I thought I could write on anything, until it occurred to me this year that I cannot. It was a mysterious development, and one I was not used to. Until I delved further and studied its roots more deliberately, just the other day. Then, it made sense- an infinite amount of the stuff.
In this instance, I speak of politics. Of a topic that was always ‘on demand’ simple in my brain. Until last November, when it turned my creative juices on the topic into a hazy shade of winter. And maybe this sounds crazy, but I can’t bring myself to write on the happenings since November changed the world we’re living in.
Perhaps I should make excuses. Like, “Hey, you can’t satirize satire.”, or “Why parody the parody?”. And I have done that, made excuses. But I shouldn’t be making excuses. I should accept what’s happened to this particular part of my brain and just wait it out.
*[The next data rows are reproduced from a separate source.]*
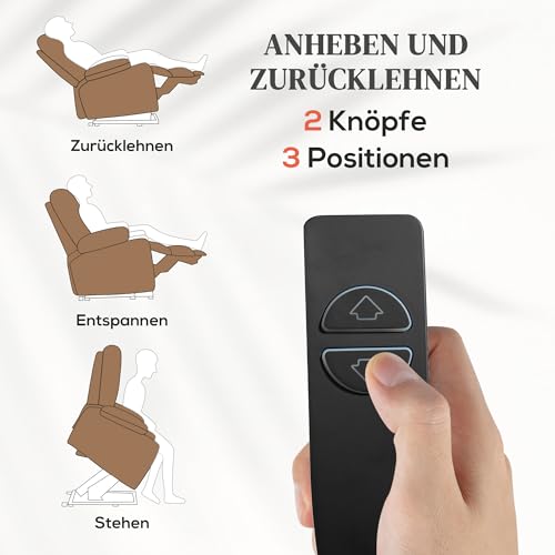 - Heben und Neigen: Dieser TV-Sessel ermöglicht eine 20°-Anhebung, ideal zum Aufstehen ohne zusätzliche Belastung für Rücken oder Knie. Er lässt sich sanft bis zu 135° neigen oder in jedem gewünschten Winkel anhalten. Die Einstellung erfolgt einfach und mühelos über die elektrische Steuerung.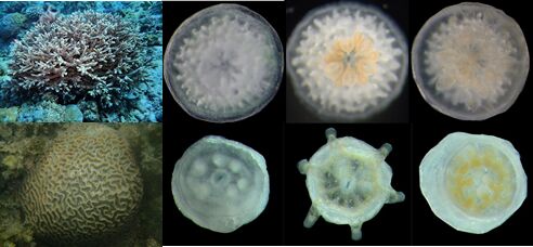 下: 精巧扁脑珊瑚Platygyra daedalea及其幼体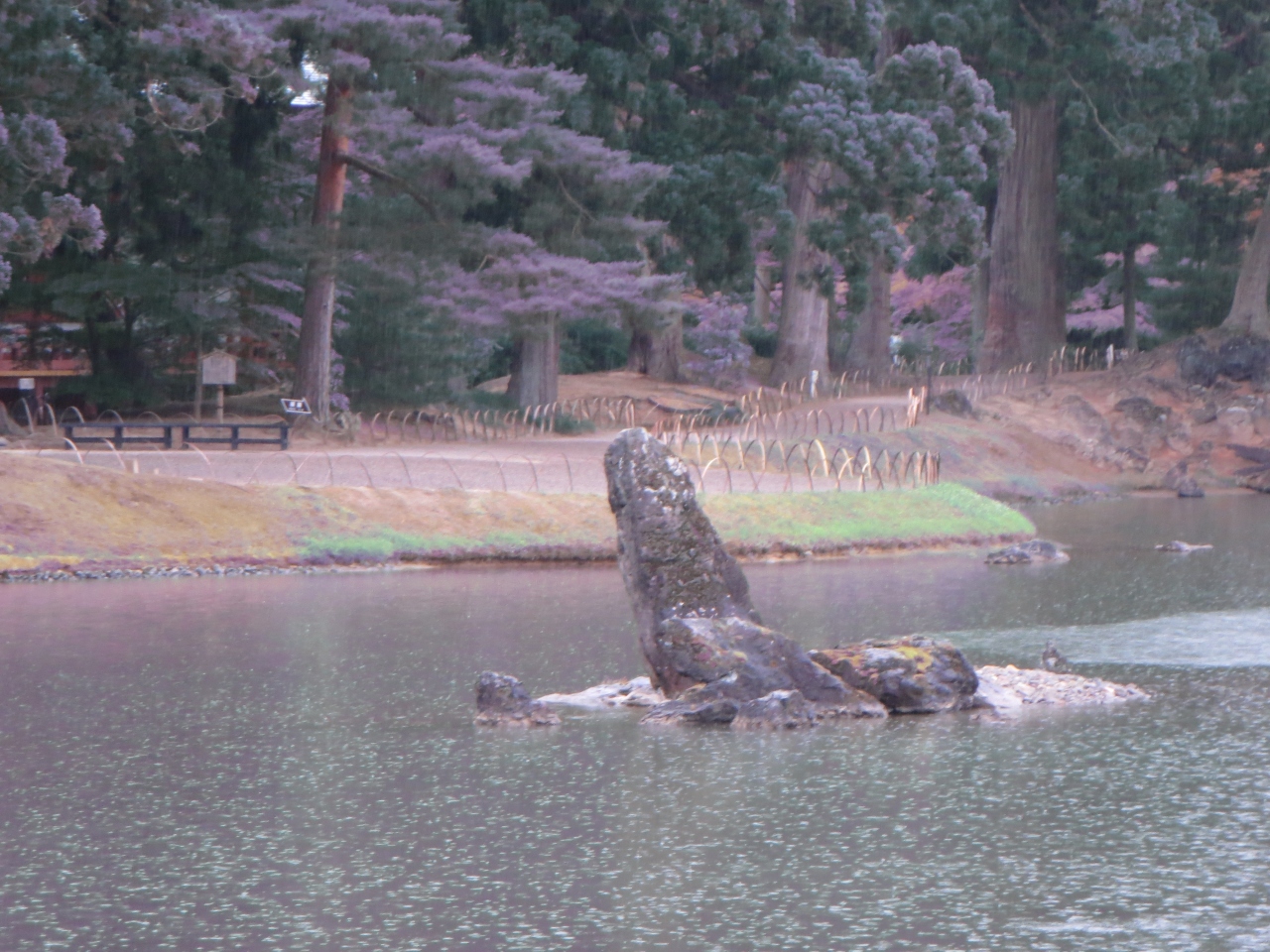 平泉は何度も訪れたことがありますが、今回は初めて毛越寺を拝観しました。山門をくぐると初めに目に入ってくるのは、浄土式庭園で広い大泉が池があります。池の淵には砂浜、立石があり趣があります。池の周辺を巡りながら色々な角度から庭園の風景を楽しめました。往時の建物が残っていたら、どれほど壮観だっただろうと思われます。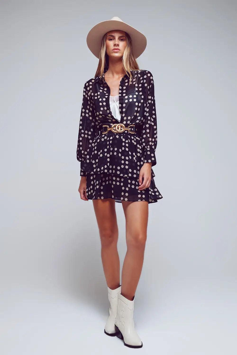 Tiered Mini Skirt in Black and Cream Polka Dots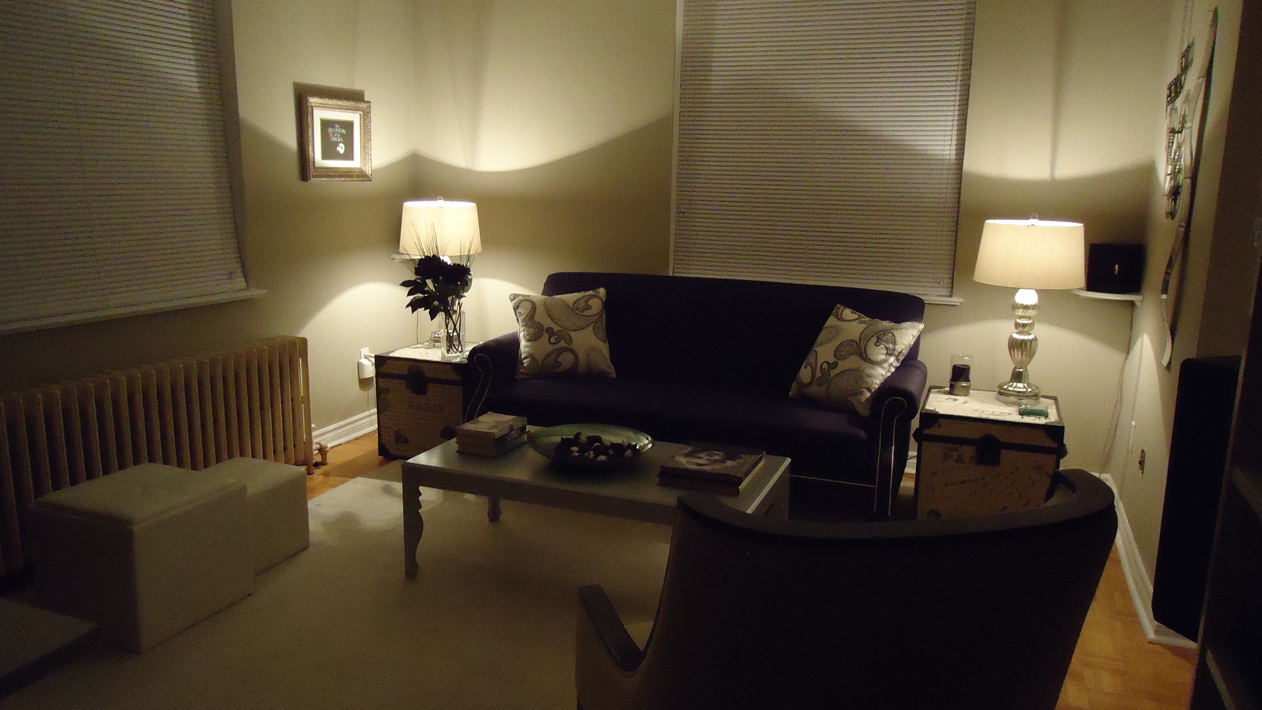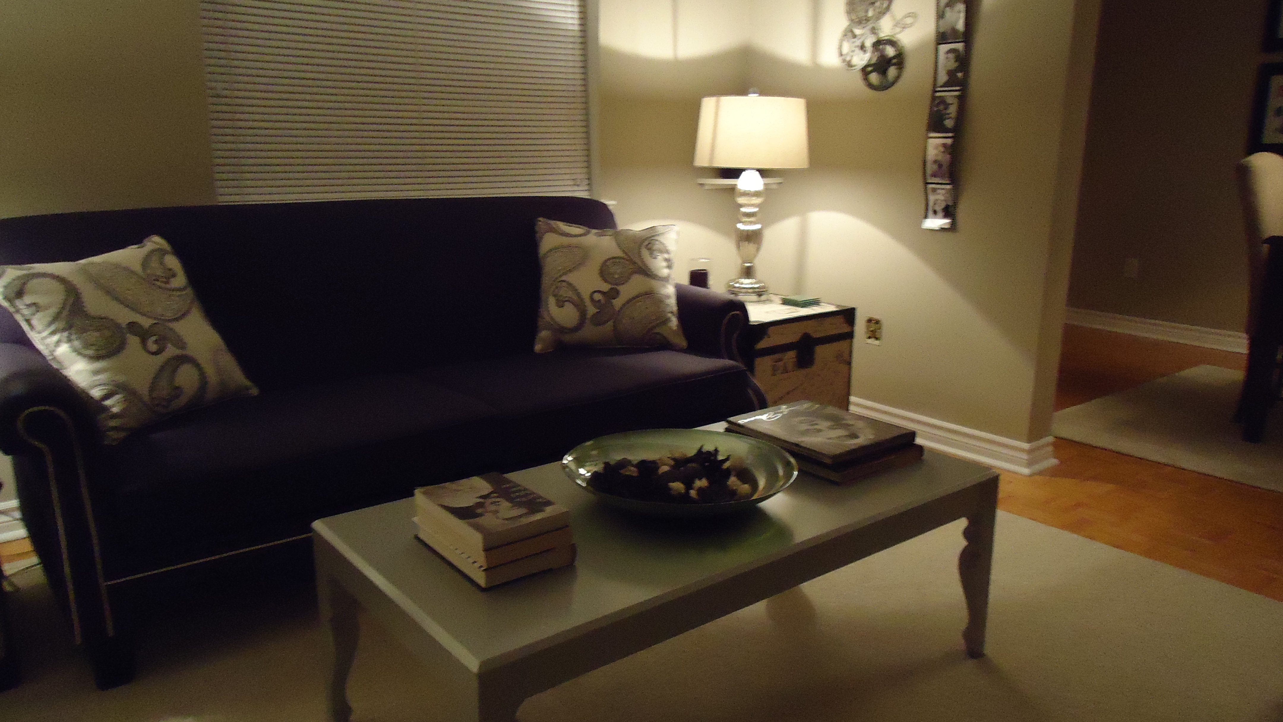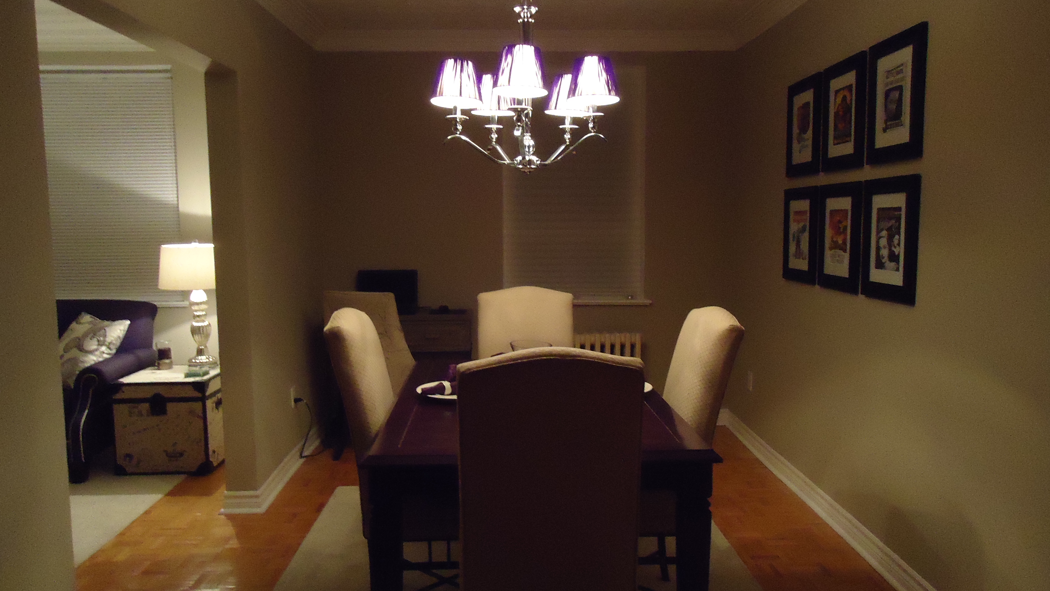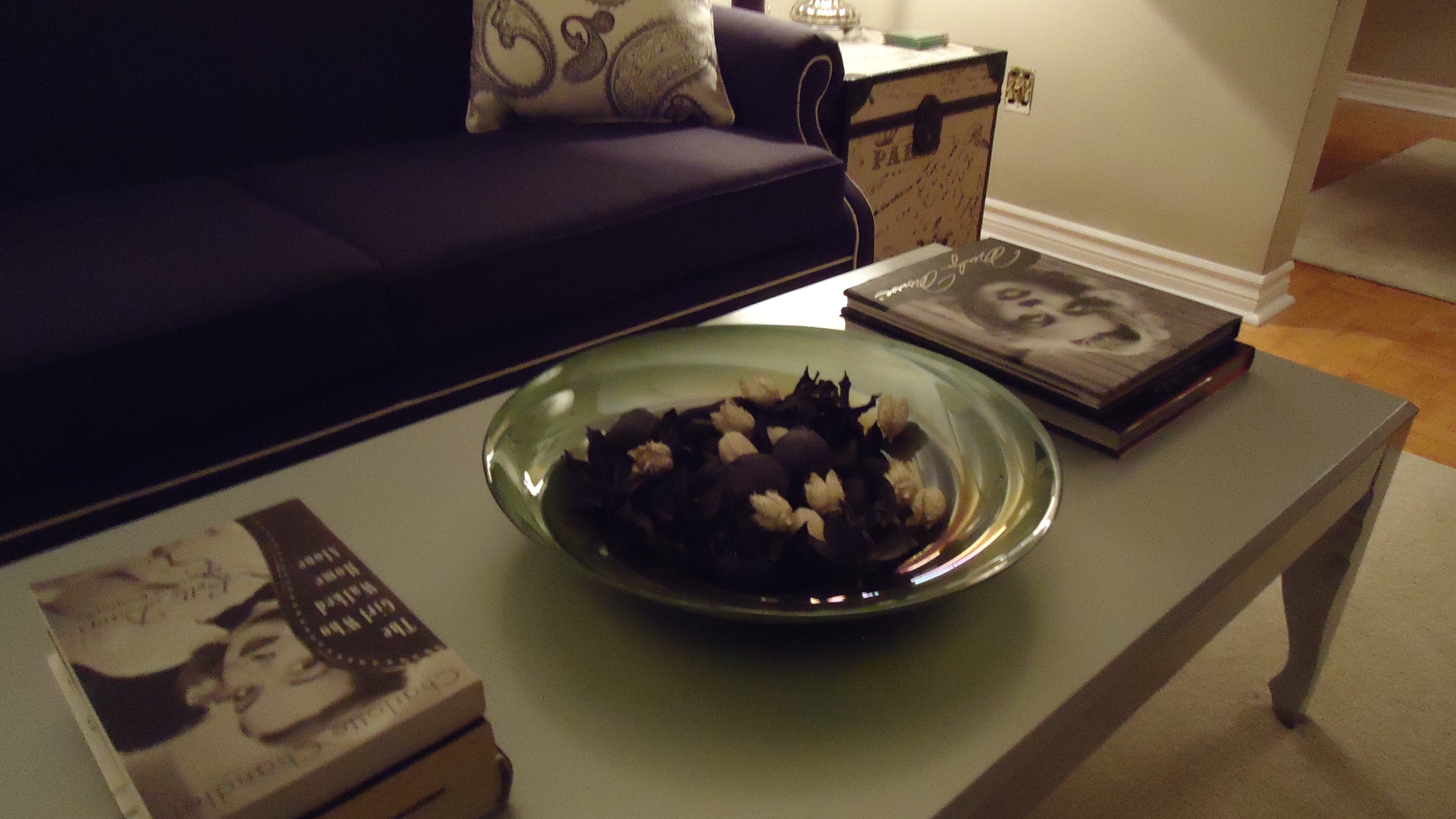 Accessories such as purple flowers and candles, a green bowl and green and purple vases in the fireplace were used to provide the colour.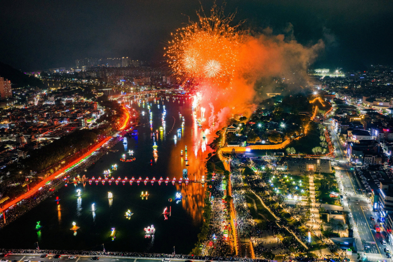 축제의 하이라이트인 수상 불꽃놀이와 드론 라이트쇼는 매 공연마다 관람객들의 시선을 사로잡으며 폭발적인 반응을 이끌어냈다. 특히 올해 처음 선보인 불꽃 드론은 기존 드론 쇼에 입체감과 화려함을 더해 완성도를 높였으며, 하늘을 수놓은 불꽃과 함께 압도적인 장면을 연출해 관람객들에게 잊지 못할 감동을 선사했다.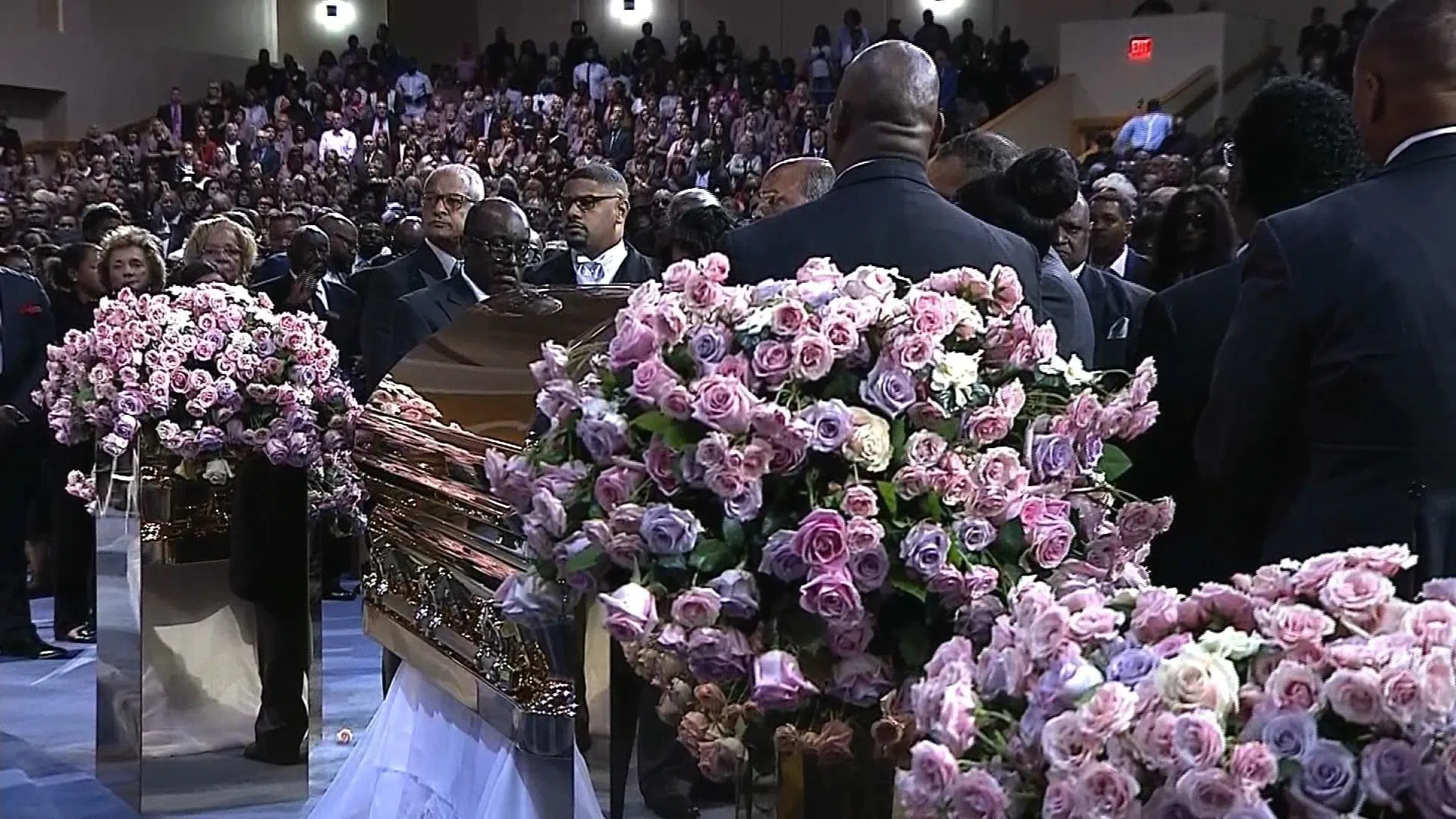 Her body arrived in a 1940 Cadillac LaSalle hearse. She wore a shimmering gold dress, with sequined heels — the fourth outfit Franklin was clothed in during a week of events leading up to her funeral.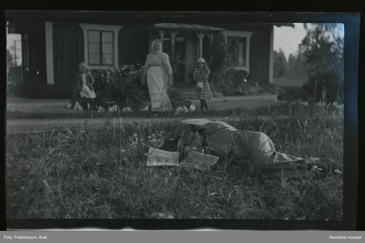 Axel Fredriksson ligger i gräset med två nummer av tidskriften Vårt Hem intill sig. En äldre kvinna och två flickor står längre bort i trädgården och betraktar honom.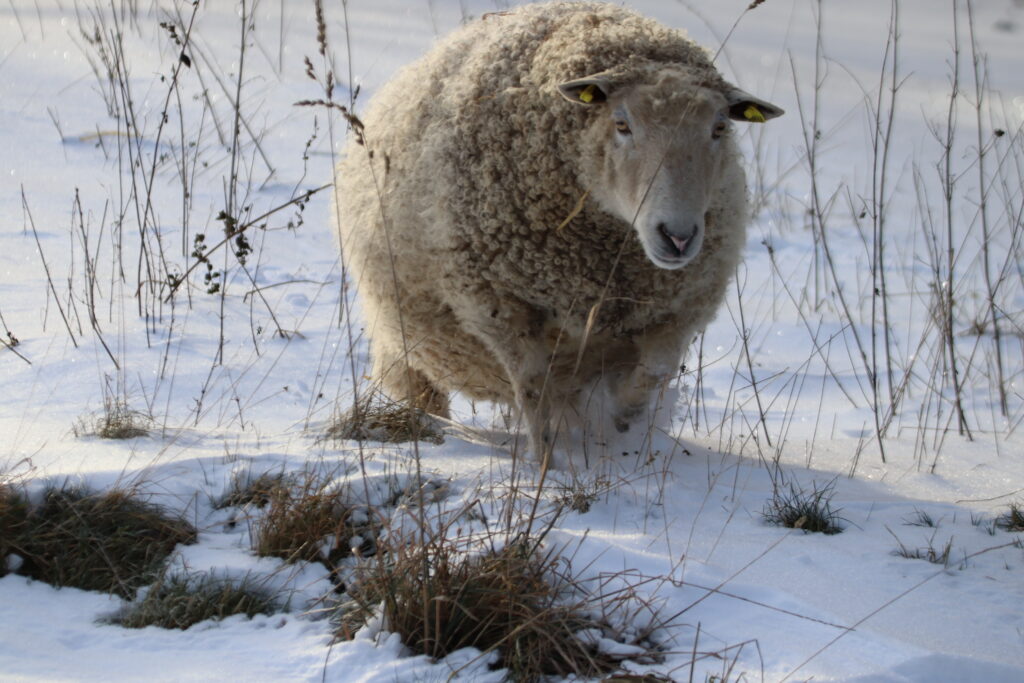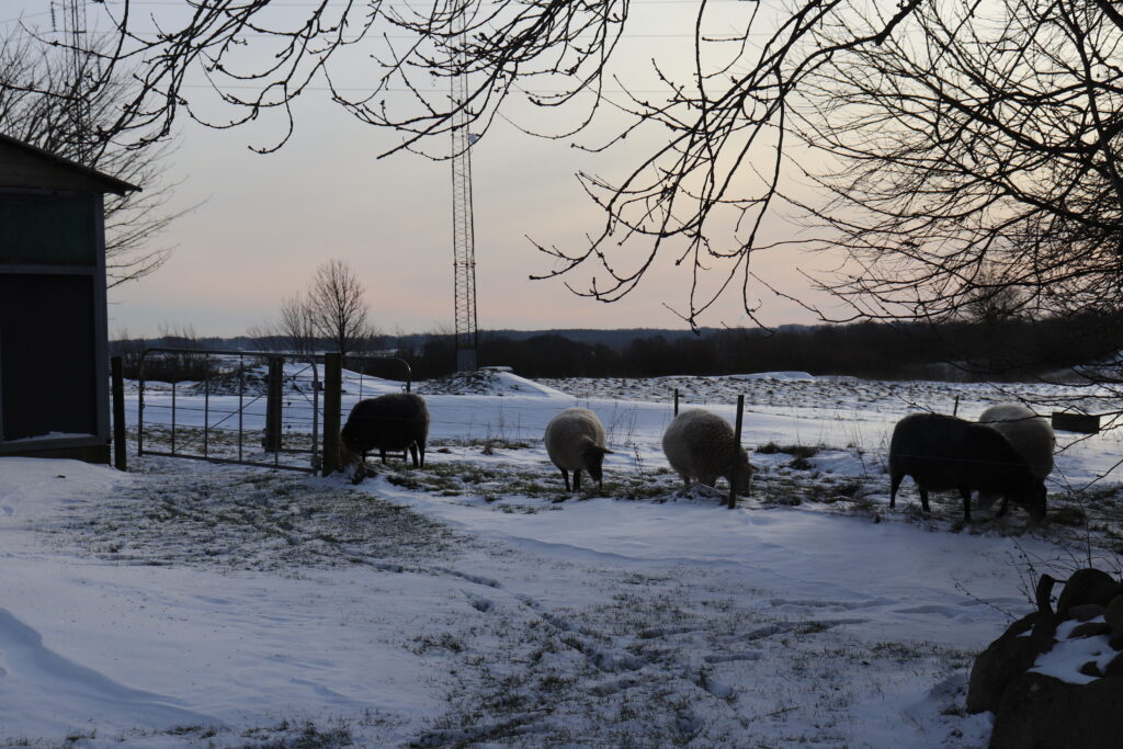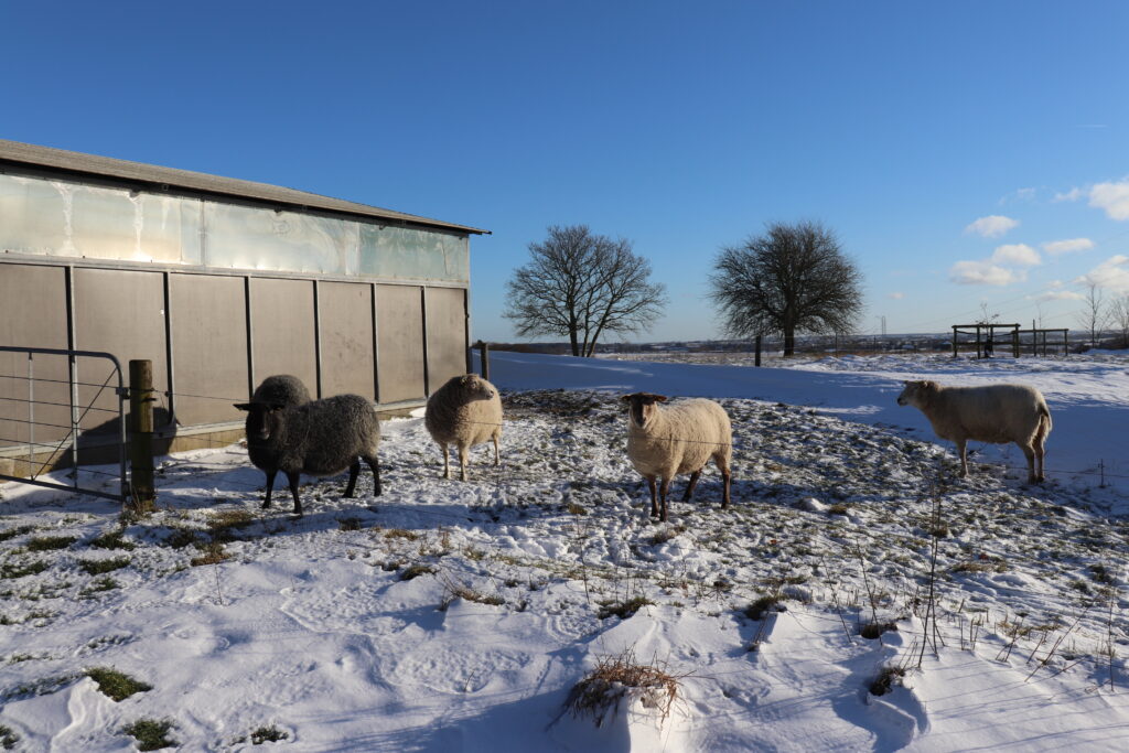 Den megen østenvind i januar var da pivkold, men fårene har deres tykke uld og når de ligge inde i læ i fårehuset i den tykke dybstrøelse holder de fint varmen. Når jorden er frossen, kan fårene gå tørskoede rundt ovenpå og får ikke trukket fugt og mudder med ind i stalden, så det er langt at foretrække frem for en våd og lun vinter, synes jeg.

Because I know, full well, that there will come a day when the dam will burst and the words will come pouring out and then all those excuses will seem like elegant sounding absurdities.
So yes, I have learned I cannot write on just anything, at any time, as I damn well please. I have come to understand that there are some things to which I have no answer. And you know something? Good. Because it tempers me, humbles me, teaches me. About the writer I am and the process I choose and the treacherous path that begins with a blank white sheet.
The ability to convey your thoughts into some better sounding thing is a gift, and maybe I forgot that. Maybe I was taking it for granted. I don’t know. What I do know is that I am grateful. To be a writer. To know what writing means to me. And I am eternally thankful to one writer in particular. My favorite one. Because I talked this out with her the other day, and she listened. As only she can do. And her thoughts on the matter behaved as a salve to my senses.
She’s something I could write on. All day long. Which is why I’m plenty fine with throwing any political diatribes in the rear view, for now. Because I have a topic on which I can spin tales from here to the moon and back. And it matters more than all the other things I could write on.
It reminds me of a poem by Pablo Neruda . . . .
You can crush the flowers, but you can’t stop the spring.
My political flavor has indeed wilted, and while it hasn’t died . . it has been crushed in the cycle of stupid that perpetuates our trending news. And she lets me know it’s a ‘so what’ proposition. Because there’s plenty ’nuff to write on. Like the spring time I feel in the ways of a girl who put a spell on me. So there.